Platelet transfusions are lifesaving for cancer patients, those receiving organ or bone marrow transplants, victims of traumatic injuries, and patients undergoing heart surgery. Every time that you roll up your sleeve and donate platelets, you are giving a patient in need a better chance at recovery. At Bloodworks Research Institute, we are dedicated to maximizing the amount of good that your donation makes possible, searching for new ways to improve the safety and efficacy of blood.
In particular, my lab is studying if the way that we store platelets after donation impacts their effectiveness. Under current standards, donated platelets are stored at room temperature and can be stored for up to 5 days. However, we have shown that storing platelets in the refrigerator instead of at room temperature can lead to better platelet function, and that in cases of active bleeding like surgery and trauma, these cold-stored platelets may be a better clinical choice.
This fall, my lab will be launching a clinical study to investigate the effectiveness of cold-stored platelets in cardiac surgery patients, funded through a new 4-year grant from the US Army Medical Research Program.

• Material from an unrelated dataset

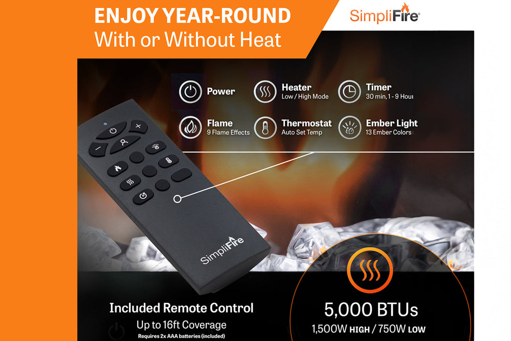 SimpliFire Allusion Slim 50'' Wall Mount / Recessed Electric Fireplace
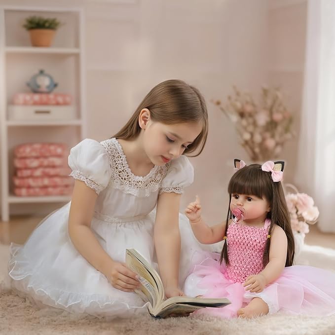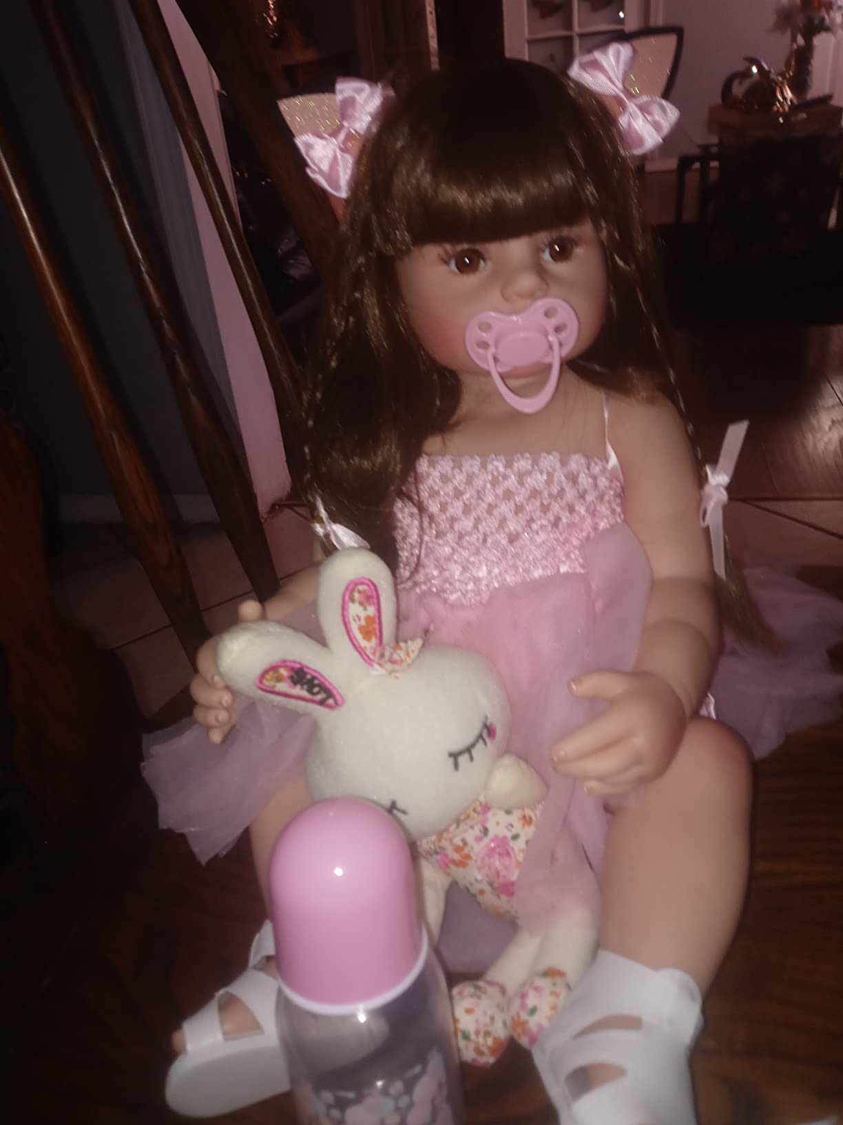 "Esta muñeca es muy realista, tiene la piel suave, pesa lo suficiente y es anatómicamente muy correcta, algo que sorprendió a sus padres, ¡y a mí también! Fue el regalo favorito de mi nieta y de sus amigas. ¡He comprado dos más para Navidad para mis otras nietas! ¡La recomiendo muchísimo!"

400,000 heart surgeries are performed in the US every year. A majority of these patients require the use of a cardiopulmonary bypass pump that maintains blood circulation during surgery. However, the plastic tubing on the bypass pump causes platelets to lose function, putting cardiac surgery patients at high risk for bleeding. To counteract this, heart surgery patients frequently receive transfusions of room-temperature platelets to stop or reduce bleeding. My team will be testing if refrigerated platelets are better than room-temperature platelets at stopping bleeding in cardiac surgery patients at Swedish Medical Center who come off bypass. We will test for platelet function during and after surgery, measure how much blood is lost, and other parameters.
If we find that refrigerated platelets are better at reducing or stopping blood loss, all bleeding patients, not just cardiac surgery patients, could benefit. We could see reduced blood loss after trauma or surgeries, shorter intensive care unit stays, shorter hospitalizations, and fewer deaths after surgeries.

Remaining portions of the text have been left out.